Dataset excerpt.

▽

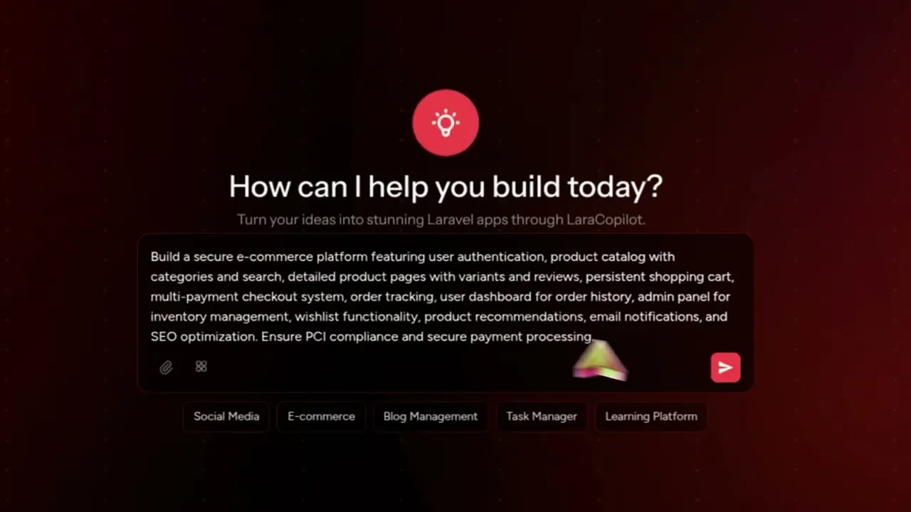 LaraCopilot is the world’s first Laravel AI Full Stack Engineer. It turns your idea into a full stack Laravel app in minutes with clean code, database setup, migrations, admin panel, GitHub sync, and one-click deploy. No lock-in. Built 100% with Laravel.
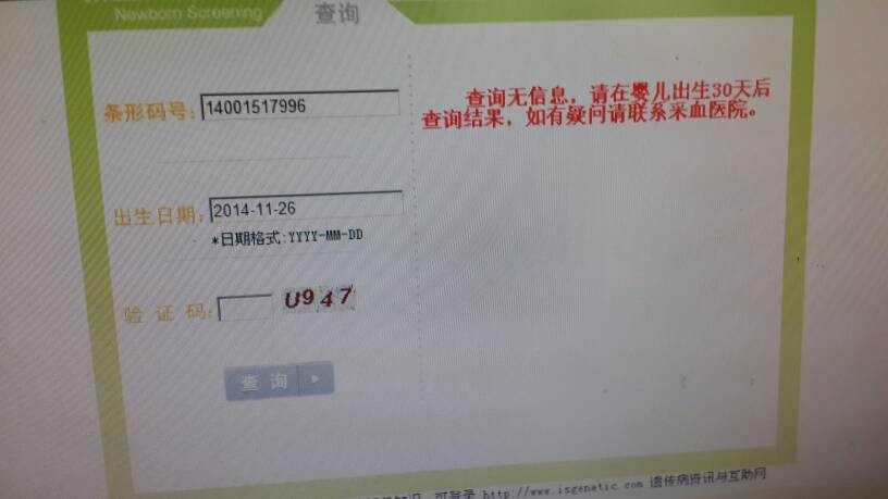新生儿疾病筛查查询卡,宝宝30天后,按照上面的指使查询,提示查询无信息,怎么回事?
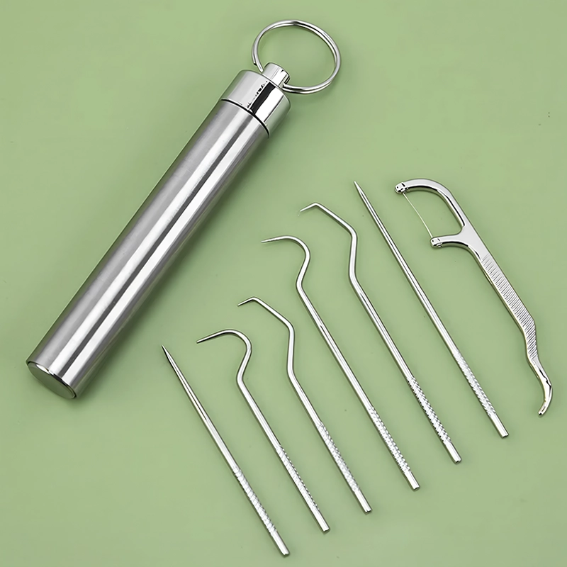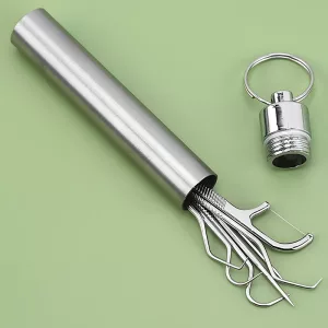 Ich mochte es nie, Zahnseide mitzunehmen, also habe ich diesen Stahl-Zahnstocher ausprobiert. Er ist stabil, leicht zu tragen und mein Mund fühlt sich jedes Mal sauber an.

△

Problem details. Repeat verbatim the lines between the start of the data and the line containing "新生儿疾病筛查查询卡,宝宝3", both ends included, omitting all pictures.

Answer box.
 LaraCopilot is the world’s first Laravel AI Full Stack Engineer. It turns your idea into a full stack Laravel app in minutes with clean code, database setup, migrations, admin panel, GitHub sync, and one-click deploy. No lock-in. Built 100% with Laravel.
新生儿疾病筛查查询卡,宝宝30天后,按照上面的指使查询,提示查询无信息,怎么回事?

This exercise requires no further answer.